Hi,
What about the DAG can you send that as well? From the resulting
"write" call?
On Wed, Nov 1, 2017 at 5:44 AM, אורן שמון wrote:
> The version is 2.2.0 .
> The code for the write is :
> sortedApiRequestLogsDataSet.write
> .bucketBy(numberOfBuckets, "userId")
> .mode(SaveMode.Overwrite)
> .format("parquet")
> .option("path", outputPath + "/")
> .option("compression", "snappy")
> .saveAsTable("sorted_api_logs")
>
> And code for the read :
> val df = sparkSession.read.parquet(path).toDF()
>
> The read code run on other cluster than the write .
>
>
>
>
> On Tue, Oct 31, 2017 at 7:02 PM Michael Artz
> wrote:
>
>> What version of spark? Do you have code sample?
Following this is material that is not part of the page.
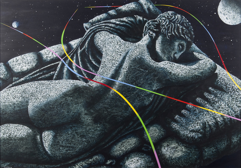 Vincenzo Larocca CIVILTÀ PERDUTE - Olio su tela, cm 70x100 Firma, data e titolo sul retro.

Screen shot of the DAG
>> or the printout from .explain?
>>
>> On Tue, Oct 31, 2017 at 11:01 AM, אורן שמון
>> wrote:
>>
>>> Hi all,
>>> I have Parquet files as result from some job , the job saved them in
>>> bucket mode by userId . How can I read the files in bucket mode in another
>>> job ? I tried to read it but it didnt bucket the data (same user in same
>>> partition)
>>>
>>
>>